I don’t think the problem is with God. I believe God desperately wants to save these children. I believe God wants to save each and every child. In fact, I believe that God is already at work, trying to save each and every child. The problem is not with God. It is with us.

Your Bible may refer to our text today as the sacrifice of Isaac, but our story is not one of sacrifice. It is a story of salvation. And our story depends upon Abraham. Will he obey God? Will he trust God? He has been faithful. Will he continue to do what God tells him to do?

Abraham had come a long way. He had traveled a great distance, lived many years, and experienced many things since God first spoke to him in Haran. The way was not easy, and Abraham had made his fair share of mistakes. Abraham was no paragon of faith, and no one would call his wife Sarah a model believer either. Despite the fact that Abraham obeyed God’s command to leave his country and home and relatives in Mesopotamia, Abraham did not initially believe it when God said Abraham would have a son. At first, Abraham contradicted god then he fell on his face and laughed.[i]

Abraham often questioned the Lord, and Sarah was always trying to out think God. So, at best, Abraham and Sarah were what preaching professor Elizabeth Achtemeier calls “sporadic believers.”[ii] They trust God sometimes.

Sometimes they are faithful.

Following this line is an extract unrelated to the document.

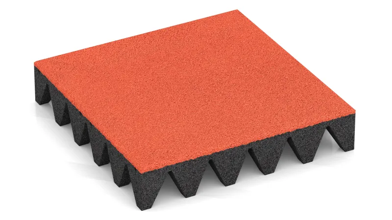 Les dalles sont fabriquées en granulats de caoutchouc liés au PU, avec une surface antidérapante et résiliente. L’épaisseur et la densité déterminent l’absorption des chocs et la hauteur de chute certifiée selon EN 1177. Le format 50 × 50 cm réduit les découpes et permet de remplacer facilement les dalles individuelles si nécessaire.

Sometimes they are not. Sometimes they obey without question, and sometimes they have A LOT of questions. Kind of like kids, right? Sometimes they do exactly what you tell them to do right when you tell them to do it. And sometimes they want to argue with you.

Happens a lot when kids get to be teenagers. You get your driver’s license and want to go to the mall or to a ballgame, but, instead, your mom sends you to the store for milk. That is a test. To see if you really ARE ready to take on more responsibility.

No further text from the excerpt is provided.